Segment Open

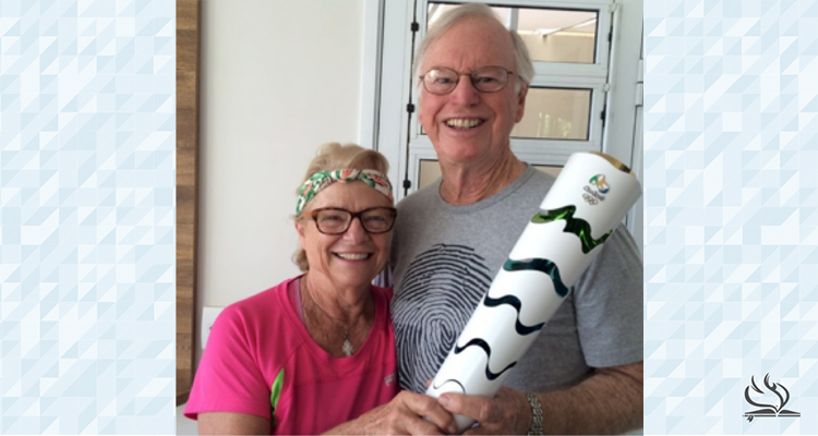 Retired Brazil missionaries Stephen and Brenda Heap hold the Olympic torch.
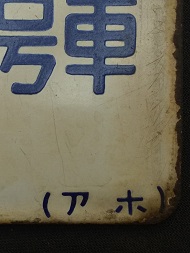 | 4 所属○青 ホーロー板・黒浮文字 タテヨコ15p 煤付 状態優 |
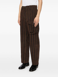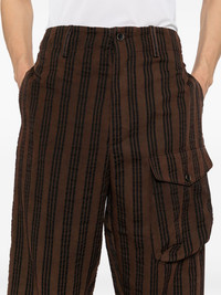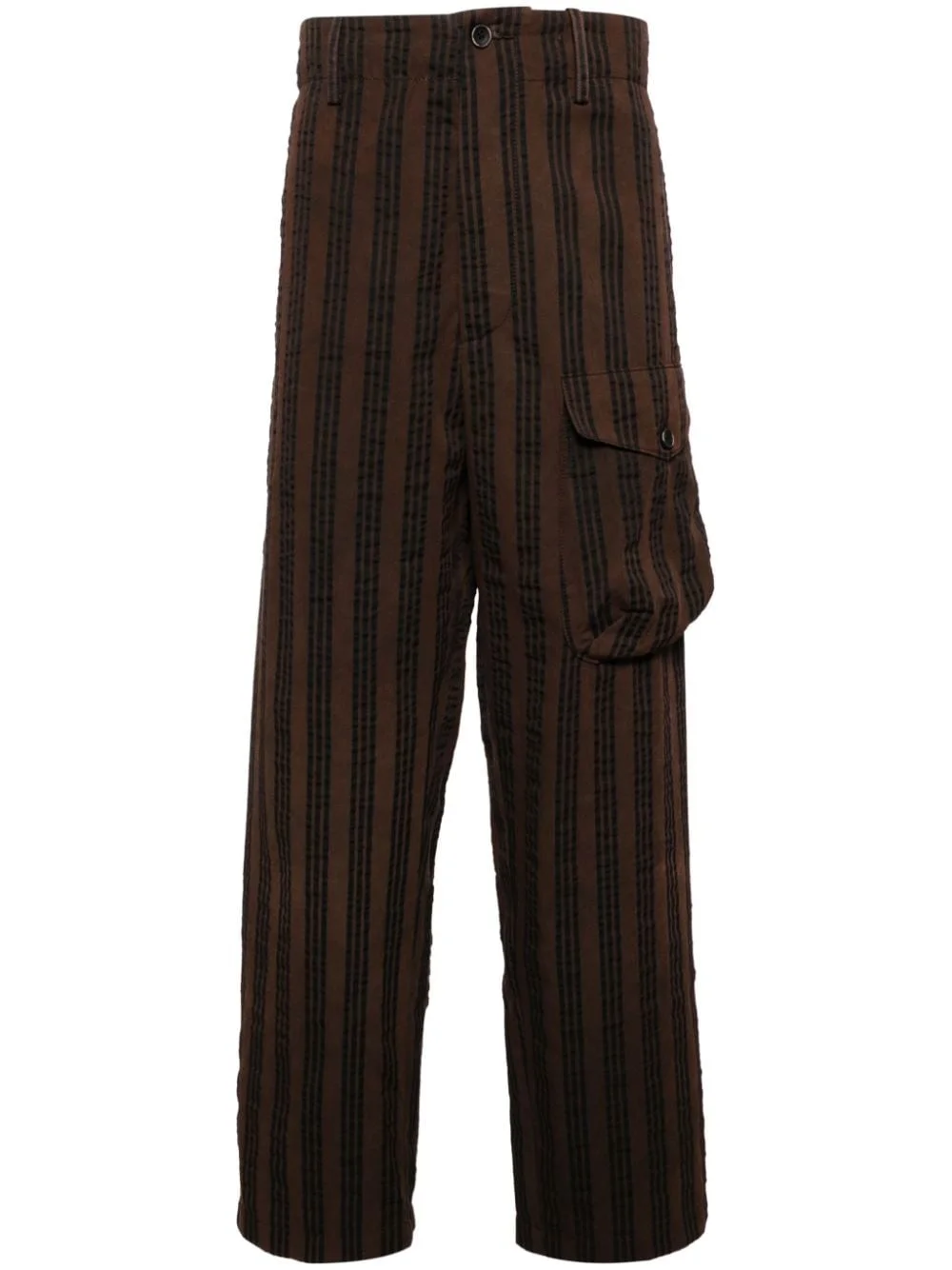 vertical-stripe drop-crotch trousers Highlights - Coffee brown/black - Button fastening - Belt loops - Side flap pocket - Rear welt pocket - Vertical stripe pattern - Straight hem Made in Italy Composition Viscose 52%, Cotton 34%, Polyamide 14% SIZE & FIT Model measurements Height 6 ft 2 in(1.88 m) Bust/Chest 34.25 in(87 cm) Hips 34.64 in(88 cm) Waist 26.77 in(68 cm) FittingInformation Designed for a relaxed straight leg, allowing a comfortable and loose fit over the leg The partially elasticated waistband offers increased movement and comfort at the waist Made from a midweight non-stretch fabric

Segment Closed

Please give back the data above word for word, with no pictures included.

 Retired Brazil missionaries Stephen and Brenda Heap hold the Olympic torch.
 | 4 所属○青 ホーロー板・黒浮文字 タテヨコ15p 煤付 状態優 |
 vertical-stripe drop-crotch trousers Highlights - Coffee brown/black - Button fastening - Belt loops - Side flap pocket - Rear welt pocket - Vertical stripe pattern - Straight hem Made in Italy Composition Viscose 52%, Cotton 34%, Polyamide 14% SIZE & FIT Model measurements Height 6 ft 2 in(1.88 m) Bust/Chest 34.25 in(87 cm) Hips 34.64 in(88 cm) Waist 26.77 in(68 cm) FittingInformation Designed for a relaxed straight leg, allowing a comfortable and loose fit over the leg The partially elasticated waistband offers increased movement and comfort at the waist Made from a midweight non-stretch fabric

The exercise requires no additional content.